Requirement –
From the entries below, print exactly the span beginning with the line holding "3. Open Connect" and ending with the line holding "- 本所師生比低,致力提供豐", endpoints included, and skip any pictures.

Information provided –
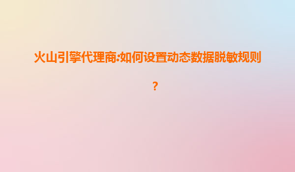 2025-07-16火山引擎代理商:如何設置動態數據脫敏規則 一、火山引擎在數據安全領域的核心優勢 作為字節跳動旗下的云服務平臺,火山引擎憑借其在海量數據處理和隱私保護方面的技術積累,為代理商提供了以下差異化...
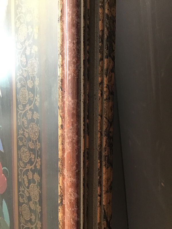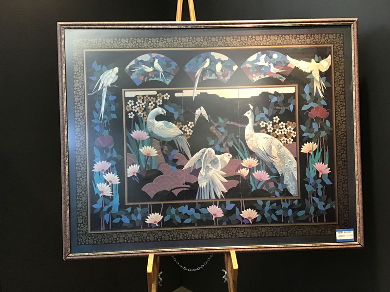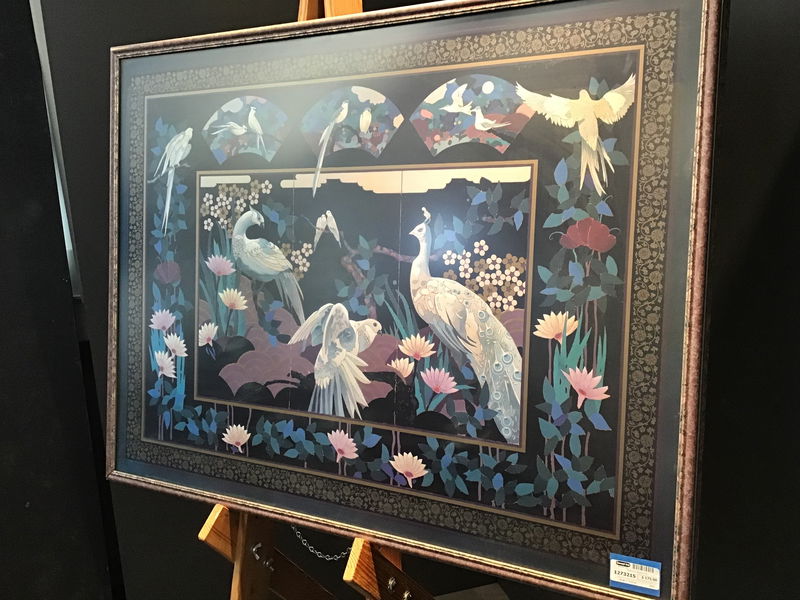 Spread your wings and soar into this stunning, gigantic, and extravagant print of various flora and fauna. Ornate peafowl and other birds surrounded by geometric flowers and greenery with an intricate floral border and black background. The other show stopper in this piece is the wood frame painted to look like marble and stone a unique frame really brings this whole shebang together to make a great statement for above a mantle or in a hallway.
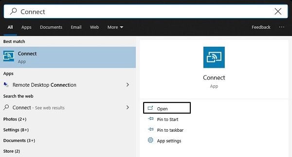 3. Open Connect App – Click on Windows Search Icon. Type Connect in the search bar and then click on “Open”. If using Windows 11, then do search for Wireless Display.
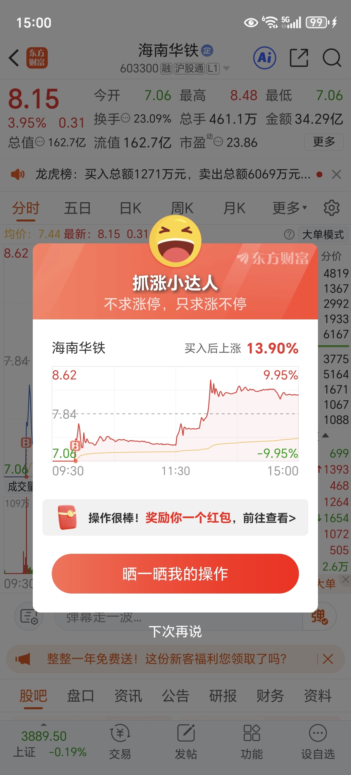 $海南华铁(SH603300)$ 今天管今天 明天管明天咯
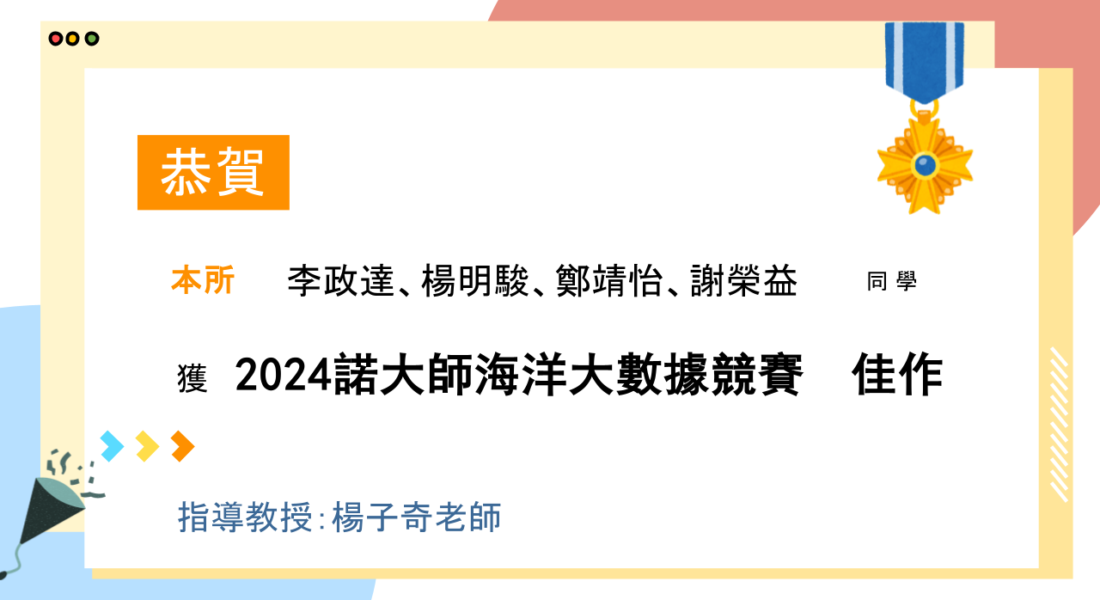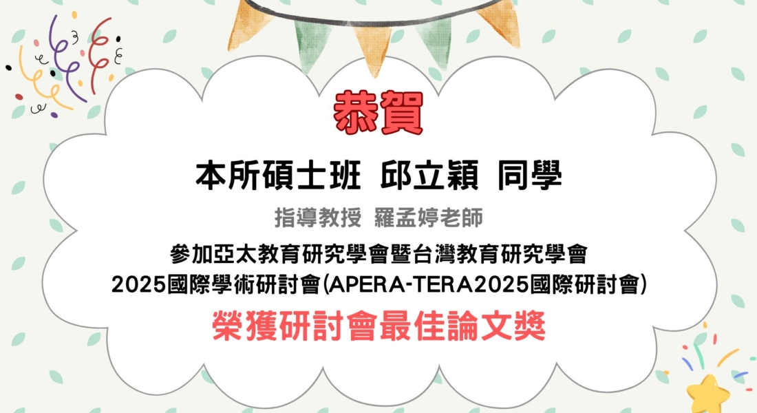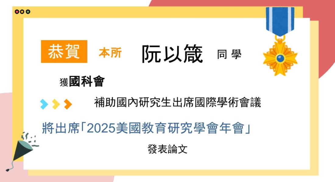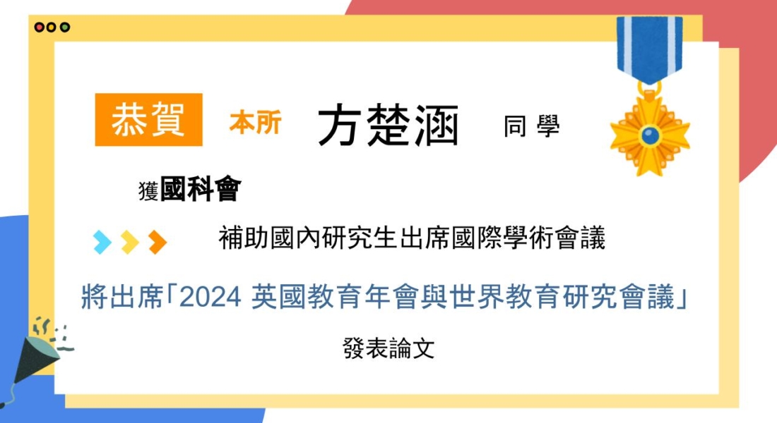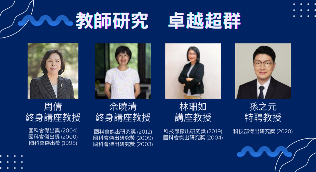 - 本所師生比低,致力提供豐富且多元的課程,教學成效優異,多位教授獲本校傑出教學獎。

--

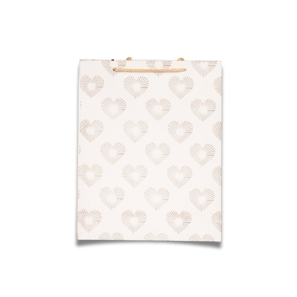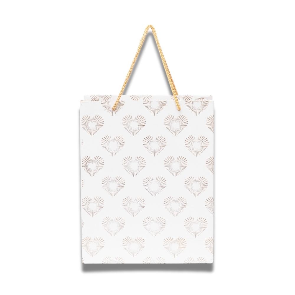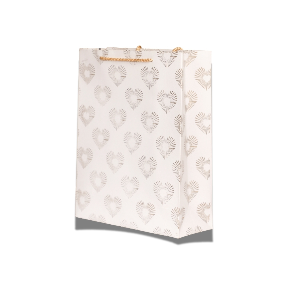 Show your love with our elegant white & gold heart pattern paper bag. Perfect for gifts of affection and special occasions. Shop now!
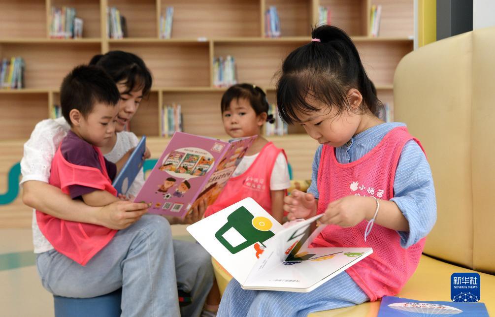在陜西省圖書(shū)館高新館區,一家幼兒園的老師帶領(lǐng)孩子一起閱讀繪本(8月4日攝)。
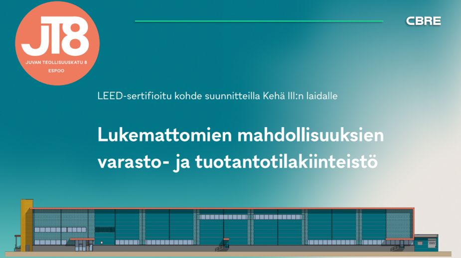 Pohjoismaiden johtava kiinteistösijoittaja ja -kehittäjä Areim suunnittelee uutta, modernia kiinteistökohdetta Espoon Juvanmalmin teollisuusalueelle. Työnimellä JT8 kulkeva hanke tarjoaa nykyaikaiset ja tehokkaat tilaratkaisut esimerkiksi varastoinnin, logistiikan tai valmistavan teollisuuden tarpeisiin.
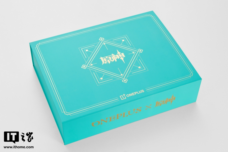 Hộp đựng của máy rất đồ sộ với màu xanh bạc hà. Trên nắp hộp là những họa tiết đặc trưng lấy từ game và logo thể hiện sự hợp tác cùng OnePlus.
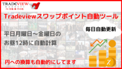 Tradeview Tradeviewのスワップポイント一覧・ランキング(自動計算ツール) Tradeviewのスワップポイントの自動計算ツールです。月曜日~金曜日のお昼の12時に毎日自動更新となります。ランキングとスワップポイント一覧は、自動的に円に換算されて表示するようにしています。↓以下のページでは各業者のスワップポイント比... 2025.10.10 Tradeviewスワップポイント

...

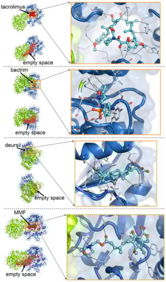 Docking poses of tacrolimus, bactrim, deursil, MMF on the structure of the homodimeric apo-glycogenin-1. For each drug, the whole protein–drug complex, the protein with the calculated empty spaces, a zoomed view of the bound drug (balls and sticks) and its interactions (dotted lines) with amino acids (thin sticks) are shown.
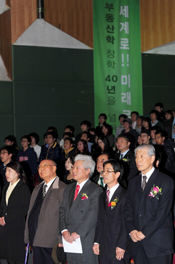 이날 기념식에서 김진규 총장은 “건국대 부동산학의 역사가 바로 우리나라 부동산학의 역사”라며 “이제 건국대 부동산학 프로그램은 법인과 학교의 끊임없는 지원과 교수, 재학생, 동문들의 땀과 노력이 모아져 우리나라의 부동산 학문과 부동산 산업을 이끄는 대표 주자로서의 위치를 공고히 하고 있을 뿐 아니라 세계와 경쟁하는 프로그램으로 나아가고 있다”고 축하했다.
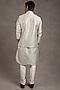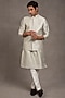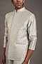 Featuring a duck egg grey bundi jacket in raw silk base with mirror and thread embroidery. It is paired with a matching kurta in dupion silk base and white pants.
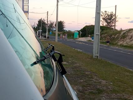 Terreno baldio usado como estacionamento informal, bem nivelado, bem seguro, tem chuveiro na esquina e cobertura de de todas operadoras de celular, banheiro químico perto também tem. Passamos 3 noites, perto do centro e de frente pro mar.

Finished exercise –
 3. Open Connect App – Click on Windows Search Icon. Type Connect in the search bar and then click on “Open”. If using Windows 11, then do search for Wireless Display.
 $海南华铁(SH603300)$ 今天管今天 明天管明天咯
 - 本所師生比低,致力提供豐富且多元的課程,教學成效優異,多位教授獲本校傑出教學獎。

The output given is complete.